DESCRIPTION OF THE TASK: Exactly as written, output the lines below starting from the first and ending with the line that contains "across the country."; omit pictures.

RAW DATA:
BEGIN
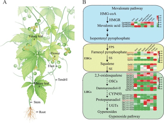 Comparative transcriptome analysis of genes involved in the gypenoside biosynthetic pathway. (A) Different plant parts of G. pentaphyllum. (B) A simplified representation of the gypenoside biosynthetic pathway. Gypenoside enzyme-encoding genes are divided into two groups—early and late. Early biosynthesis genes (EBGs) encode enzymes leading to 2,3-oxidosqualene production, whereas late biosynthesis genes (LBGs) encode enzymes leading to gypenoside production. The expression value of each gene is coloured in log10 (FPKM) in seven tissues: root, stem, tendril, young leaf, mature leaf, flower, and fruit. Low to high expression is indicated by a change in colour from green to red. Genes showing young leaf-specific expression are indicated in red. Dashed arrows indicate that the gene function needs to be verified.
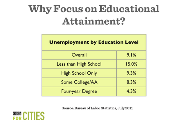 “The best way to measure the economic success of a city is per capita income and the simple most direct connection of per capita income is college attainment,” says Lee Fisher, president of CEOs for Cities, a civic lab and network of urban leaders across the country.
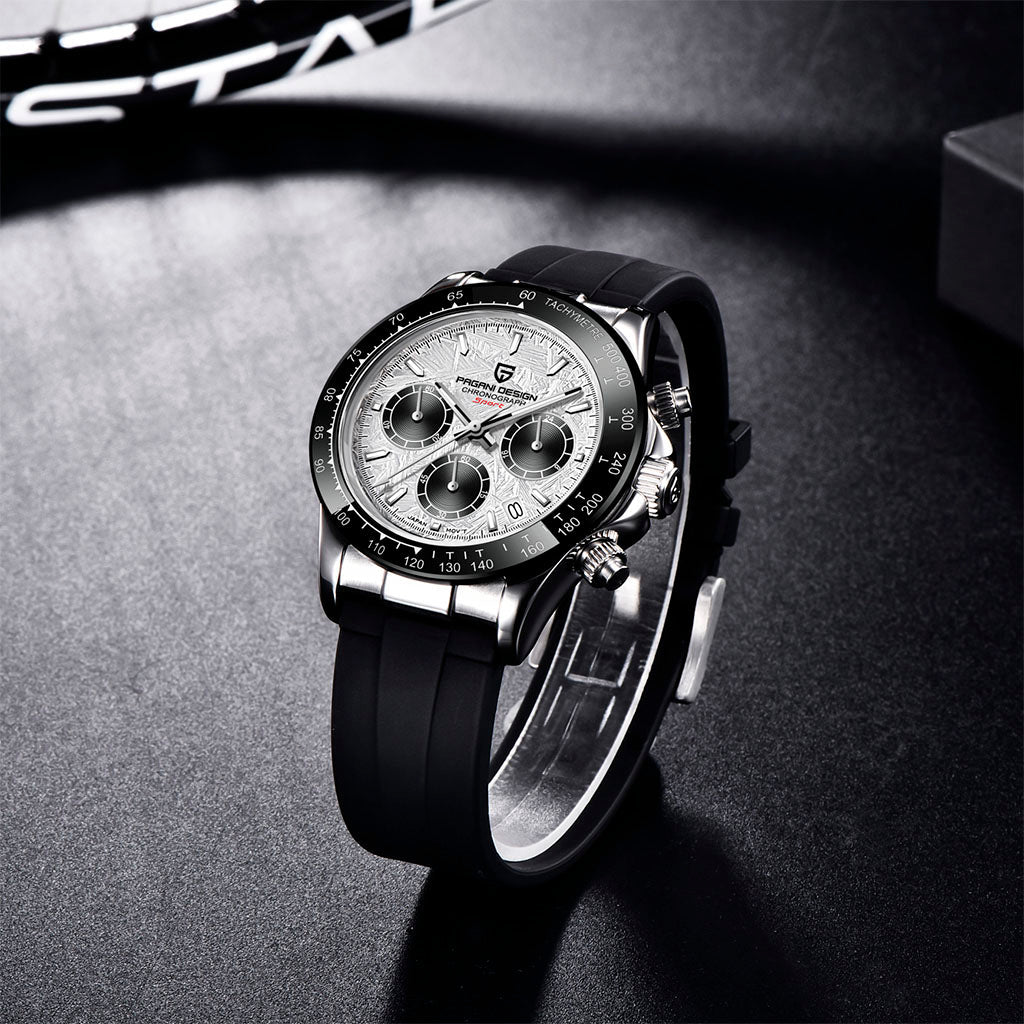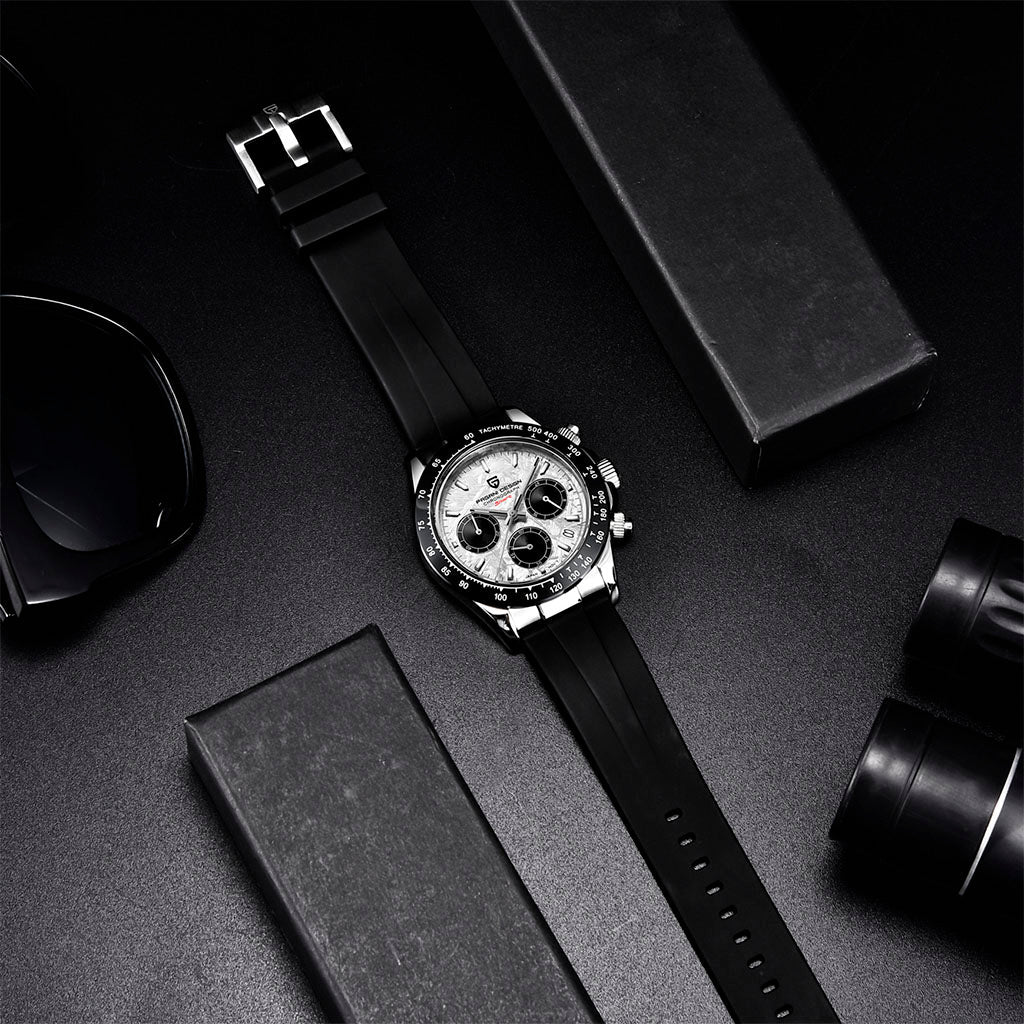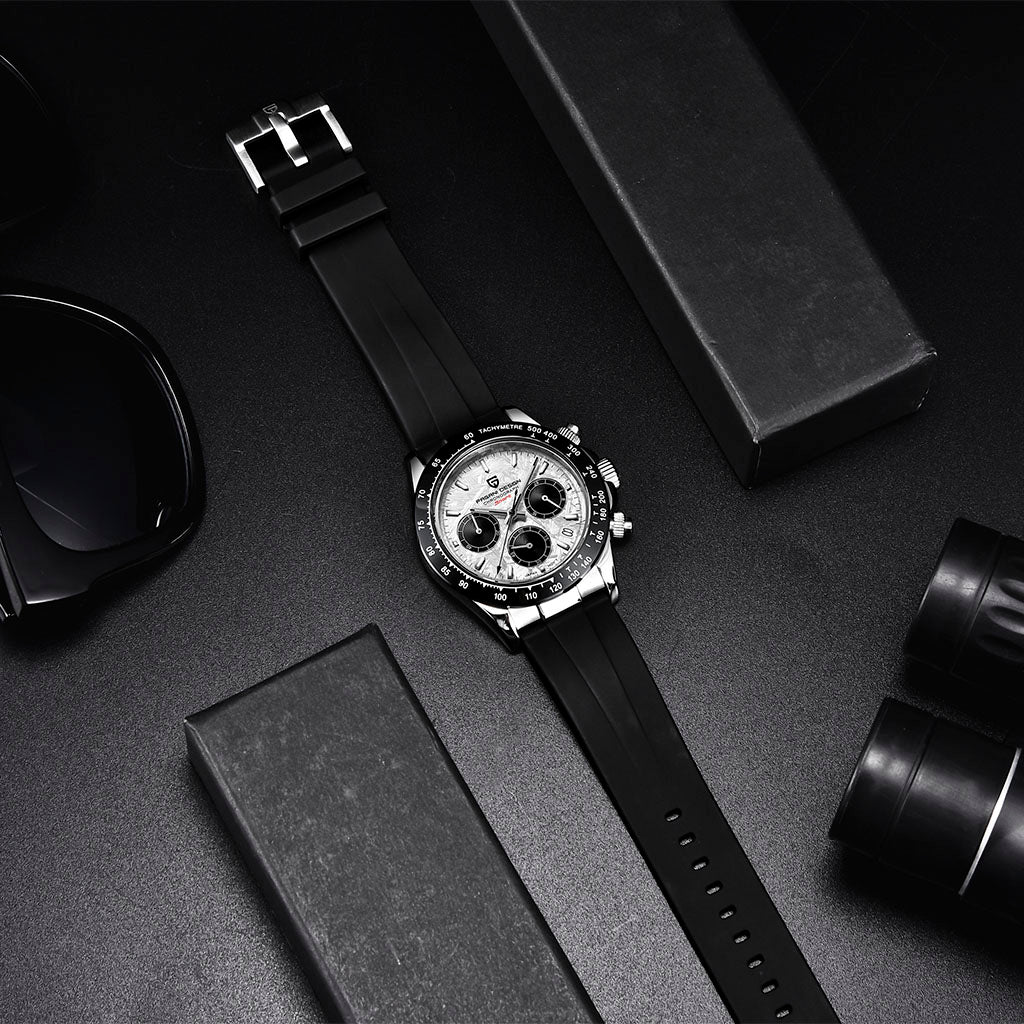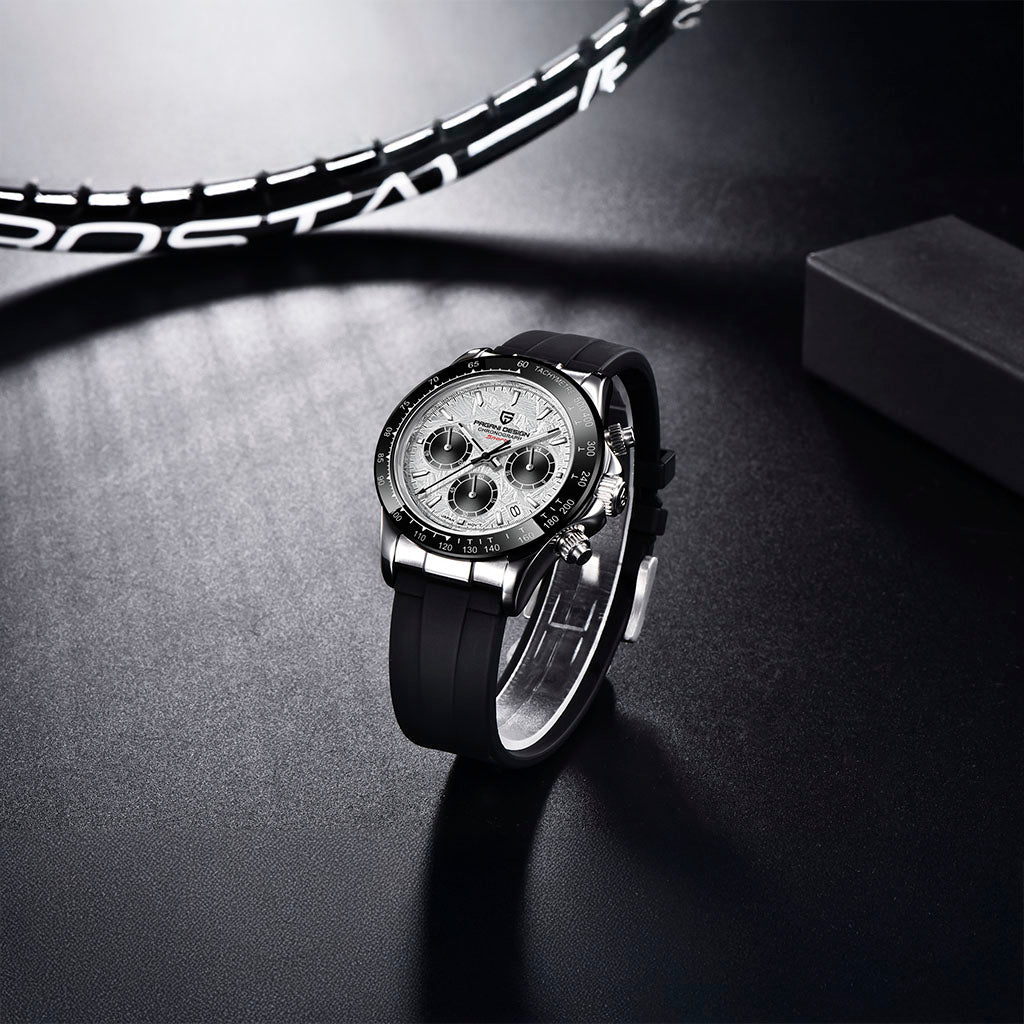 A pulseira do Pagani Design Barone Classic white é projetada com materiais premium, com toda a resistência e leveza de borracha. Proporciona um conforto incomparável e uma sensação única de estar usando um relógio quase imperceptível no pulso.
END
SOLVED PROBLEM:
 Comparative transcriptome analysis of genes involved in the gypenoside biosynthetic pathway. (A) Different plant parts of G. pentaphyllum. (B) A simplified representation of the gypenoside biosynthetic pathway. Gypenoside enzyme-encoding genes are divided into two groups—early and late. Early biosynthesis genes (EBGs) encode enzymes leading to 2,3-oxidosqualene production, whereas late biosynthesis genes (LBGs) encode enzymes leading to gypenoside production. The expression value of each gene is coloured in log10 (FPKM) in seven tissues: root, stem, tendril, young leaf, mature leaf, flower, and fruit. Low to high expression is indicated by a change in colour from green to red. Genes showing young leaf-specific expression are indicated in red. Dashed arrows indicate that the gene function needs to be verified.
 “The best way to measure the economic success of a city is per capita income and the simple most direct connection of per capita income is college attainment,” says Lee Fisher, president of CEOs for Cities, a civic lab and network of urban leaders across the country.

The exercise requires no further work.